Maintaining consistency in automated essay scoring is essential to guarantee fair and dependable assessments. This study investigates consistency and provides a comparative analysis of open-source and proprietary large language models (LLMs) for automated essay scoring (AES). The study utilized student essays, each assessed five times to measure both intrarater (using intraclass coefficient and repeatability coefficient) and interrater (concordance correlation coefficient) reliability across several models: GPT-4, GPT-4o, GPT-4o mini, GPT-3.5 Turbo, Gemini 1.5 Flash, and LLaMa 3.1 70B. Essays and marking criteria are used for prompt construction and sent to each large language model to obtain score outputs. Results indicate that the scores generated by GPT-4o closely align with human assessments, demonstrating fair agreement across repeated measures.
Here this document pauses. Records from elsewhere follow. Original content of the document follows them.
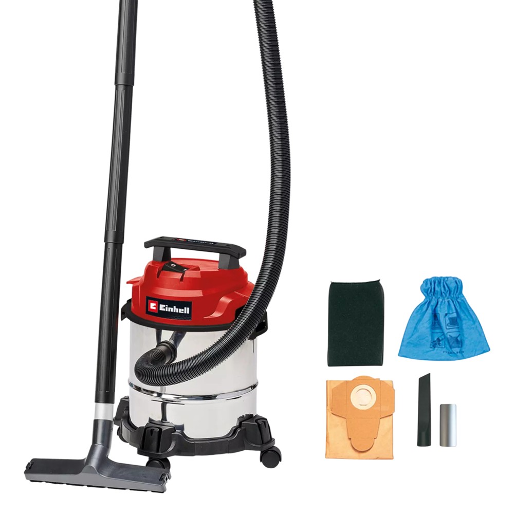 The Einhell TC-VC 1812/1 S vacuum cleaner is a powerful and practical device for wet and dry cleaning, ideal for DIY use. With a 1250 W motor and 180 mbar suction pressure, this vacuum cleaner offers high performance in cleaning various dirt. Its stainless steel tank has a capacity of 12 liters, making it suitable for long cleaning sessions without the need for frequent emptying. The device comes with a 2.5 meter cable and a 1.5 meter suction tube, which provide a good range of movement during work. With a noise level of 78 dB, it is relatively quiet for its category. The vacuum cleaner is equipped with wheels for easy movement and a transport handle for comfortable use.
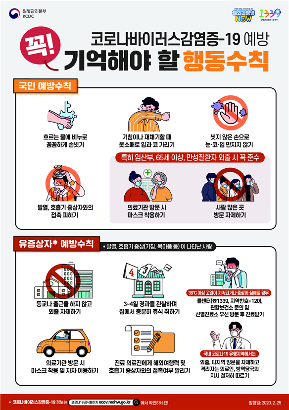 코로나19 중앙방역대책본부(본부장 정세균 국무총리)에서는 감염병 위기경보 심각단계 전환에 따라 일반국민, 고위험군, 유증상자, 국내 코로나19 유행지역을 대상으로 대국민 행동수칙을 배포하고, 이와 관련 예방수칙도 개정 배포했다.
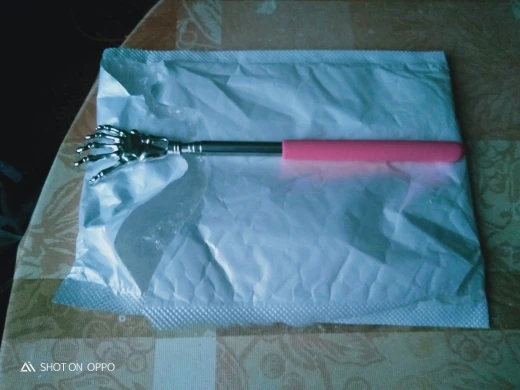 El producto llego el dia 10/03/21.... adjunto las fotos reales del producto... la mano es muy pequeña para una espalda grande. Para la proxima buscare con mano grande... El producto es para niños pienso... de todas maneras muy fácil de usar....
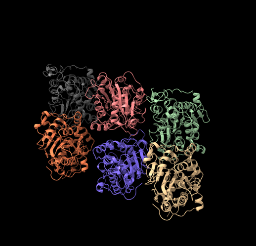 Figura 1. Imatges de la lipasa B amb les seves 6 corresponents cadenes.
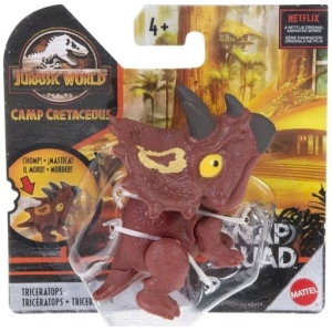Triceratops joins the Snap Squad lineup with a gentle snarl and stylized flair. A fan-favorite herbivore in bite-sized form — perfect for collectors building out the Camp Cretaceous herd.

Specifically, GPT-4o exhibits slightly higher concordance correlation coefficients (CCC) than GPT-4o mini, indicating superior agreement with human scores. However, qualitatively, it can be observed that all LLM models are not as consistent in terms of their scoring rationale/evaluation. Our study results indicate that the challenges currently faced in automated essay scoring with large language models need to be analyzed not only from a quantitative perspective but also qualitatively. Additionally, we utilize more sophisticated prompting methods and address the inconsistencies observed in the initial measurements. Despite the purported reliability of some models within our study, the selection of LLMs should be considered thoroughly during practical implementations for an AES.

Downloads

Download data is not yet available.

Author Biographies

  • Siti Bealinda Qinthara Rony, Raffles University

    Research assistant at the faculty of AI and robotics in Raffles University, Malaysia.

  • Tan Xin Fei, Raffles University

    Undergraduate student of the faculty of AI and robotics in Raffles University, Malaysia.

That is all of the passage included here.